Stored records
-------------------------

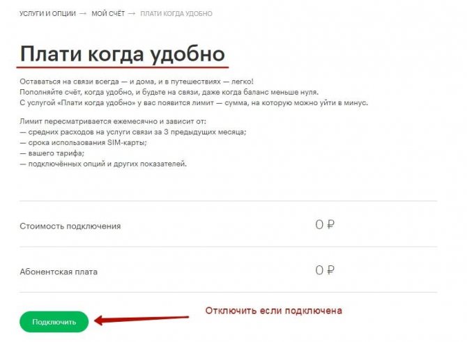 Если активирована услуга «Плати, когда удобно», ее легко можно отключить в личном кабинете абонента.
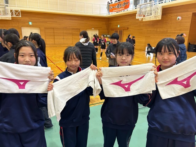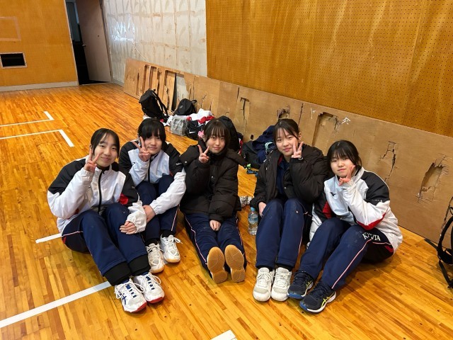 本校、体育館でバレーボールの1年生大会が行われています。4人の1年生と2年生が力を合わせて頑張っています。一回戦、突破しました。おめでとうございます。
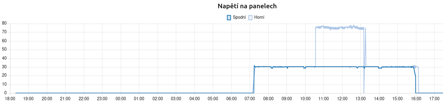 Tak napětí se moc s osvitem nemění, panel je proudový zdroj a napětí se mění tím jak ho zatěžuješ.
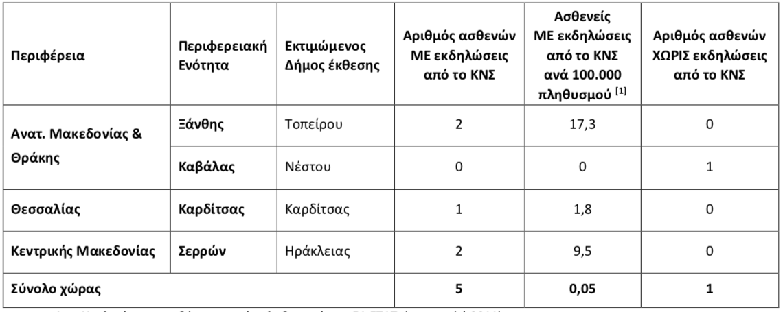 Η εβδομαδιαία αυτή αναφορά του ΕΟΔΥ για τη λοίμωξη από τον ιό του Δυτικού Νείλου (ΔΝ) αναφέρει έξι (6) κρούσματα λοίμωξης από τον ιό του Δυτικού Νείλου στην Ελλάδα, εκ των οποίων τα πέντε (5) παρουσίασαν εκδηλώσεις από το Κεντρικό Νευρικό Σύστημα (ΚΝΣ, εγκεφαλίτιδα ή/και μηνιγγίτιδα ή/και οξεία χαλαρή παράλυση) και ένα (1) είχε ήπιες εκδηλώσεις (εμπύρετο νόσημα)/ δεν είχε εκδηλώσεις από το ΚΝΣ
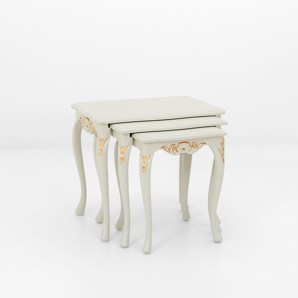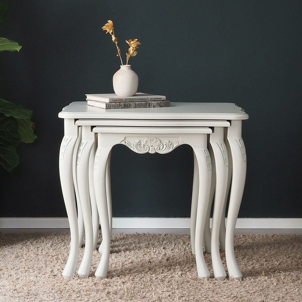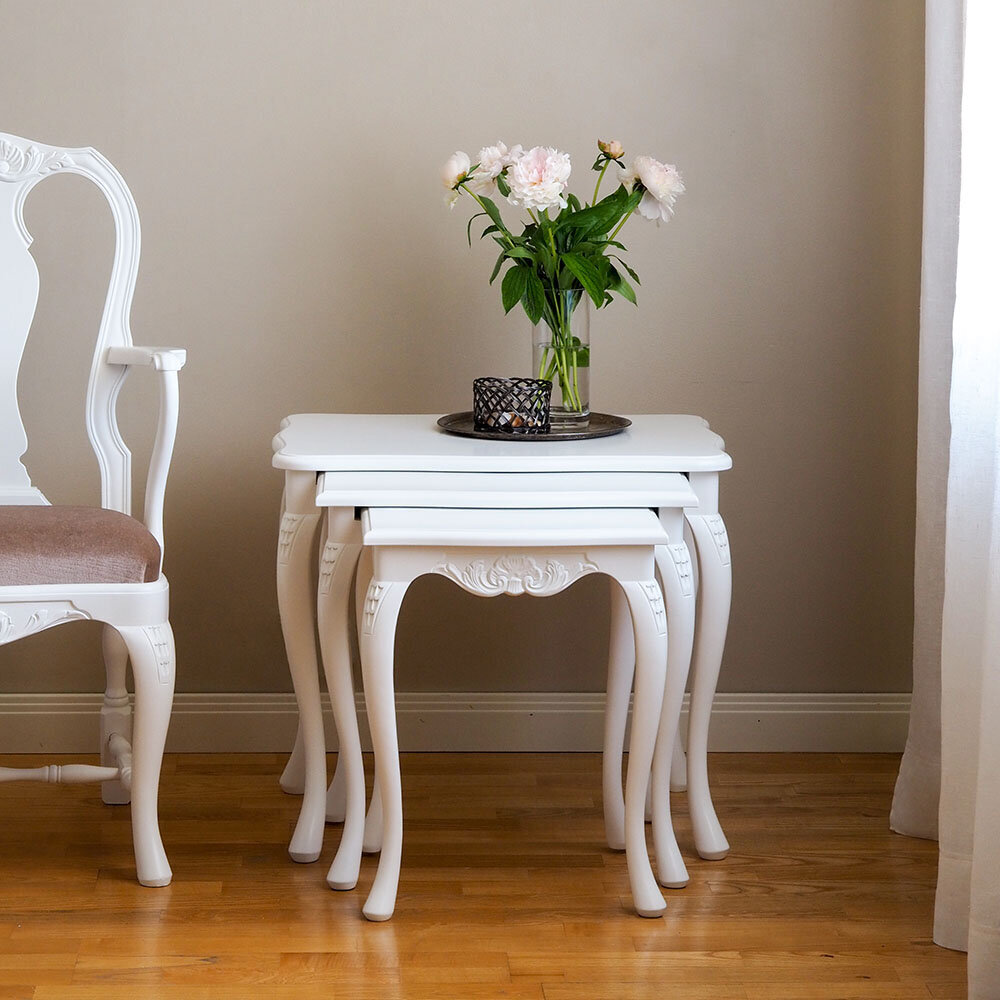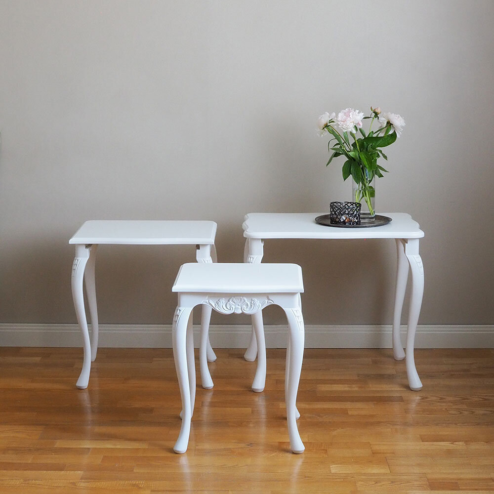 Tämä kaunis Talonpoikaisrokokoo-sarjapöytäsetti sisältää kolme erikokoista pöytää, jotka voidaan sijoittaa sisäkkäin tai erikseen tarpeen mukaan. Tyylikkäät rokokootyylille ominaiset yksityiskohdat ja sirot muodot tekevät pöydistä monikäyttöisen ja näyttävän lisän kodin sisustukseen.
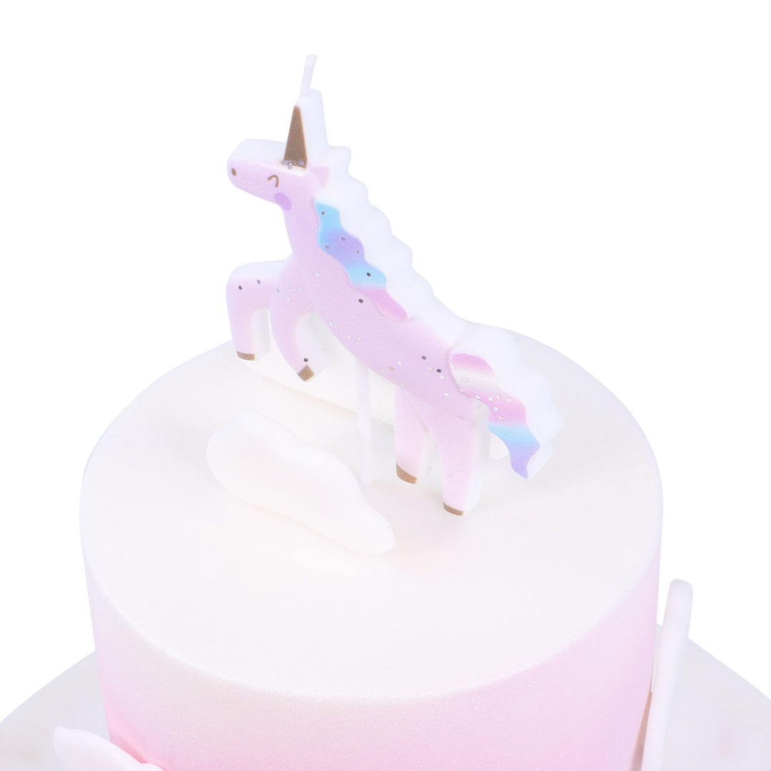 Eine Einhornkerze für einen ganz besonderen Geburtstagskuchen. Stabil und mit goldenem Glitzer.
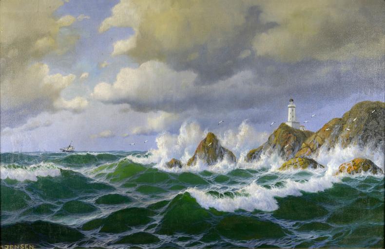 Keywords: Max Jensen - Leuchtturm auf den Klippen.jpg Leuchtturm auf den Klippen Light house on the cliffs View from the stormy sea shows the waves beating the cliffs under the lonely lighthouse oil canvas cm 70 106 http //www papilio cz/en/archiv php aukce a35 pol 13720 PHPSESSID 2eae12d28358589ce694d78e964a7a51 Zezula Auction House Max Jensen 1860   after 1908 s 1880 bottom left signed žM Jensen PD-old-100-1923 Max Jensen Oil paintings of seascapes Paintings of lighthouses Images from Zezula Auction House Waves in art
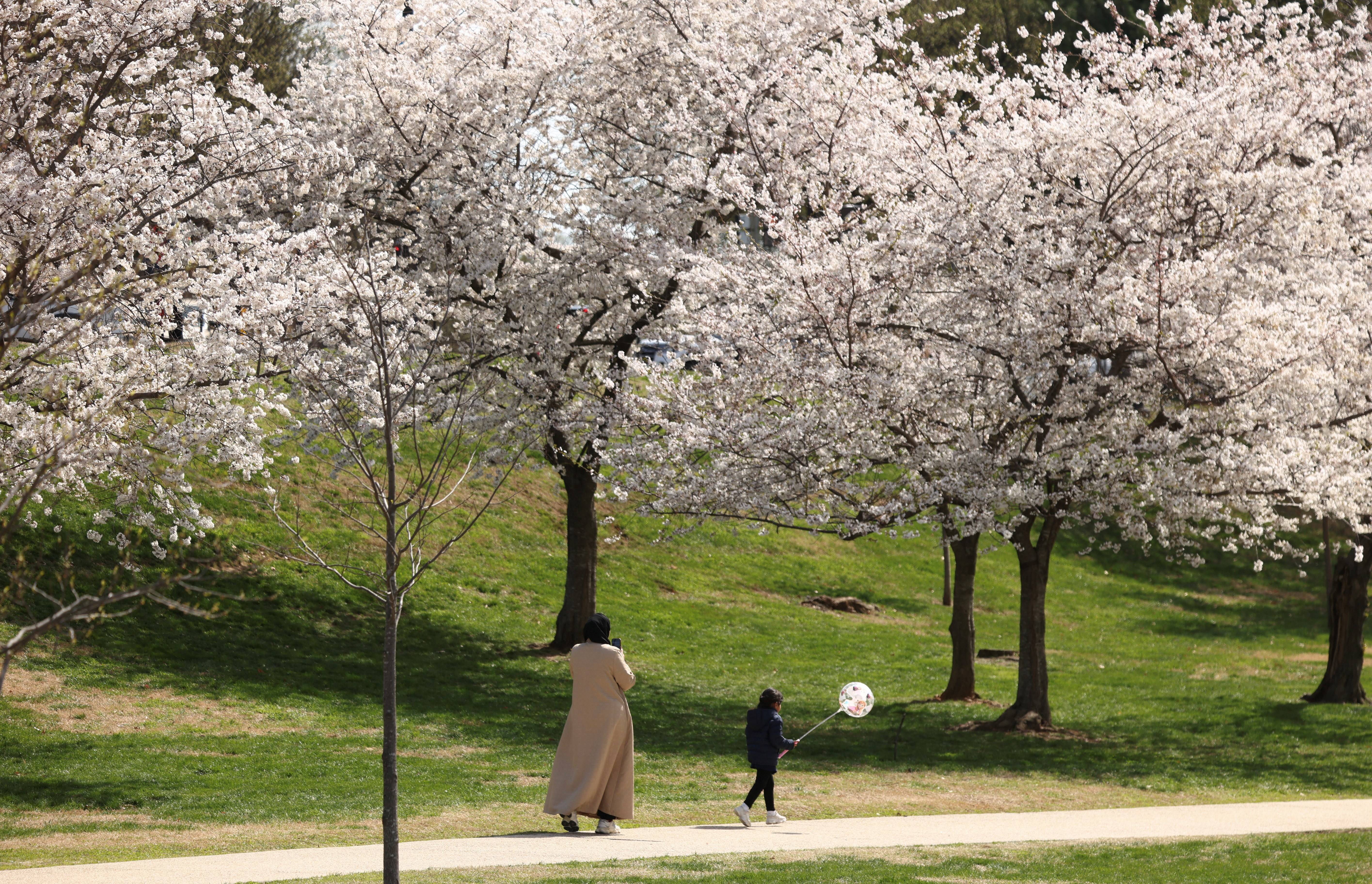 3月25日(ri),人们走在美国华(hua)盛顿国家广(guang)场的樱花树下。 新华(hua)社/路透

-------------------------

## What needs to be done
Print the entries as they stand, first line through the line holding "Η εβδομαδιαία αυτή", with every picture removed.

## Answer to this task
 Если активирована услуга «Плати, когда удобно», ее легко можно отключить в личном кабинете абонента.
 本校、体育館でバレーボールの1年生大会が行われています。4人の1年生と2年生が力を合わせて頑張っています。一回戦、突破しました。おめでとうございます。
 Tak napětí se moc s osvitem nemění, panel je proudový zdroj a napětí se mění tím jak ho zatěžuješ.
 Η εβδομαδιαία αυτή αναφορά του ΕΟΔΥ για τη λοίμωξη από τον ιό του Δυτικού Νείλου (ΔΝ) αναφέρει έξι (6) κρούσματα λοίμωξης από τον ιό του Δυτικού Νείλου στην Ελλάδα, εκ των οποίων τα πέντε (5) παρουσίασαν εκδηλώσεις από το Κεντρικό Νευρικό Σύστημα (ΚΝΣ, εγκεφαλίτιδα ή/και μηνιγγίτιδα ή/και οξεία χαλαρή παράλυση) και ένα (1) είχε ήπιες εκδηλώσεις (εμπύρετο νόσημα)/ δεν είχε εκδηλώσεις από το ΚΝΣ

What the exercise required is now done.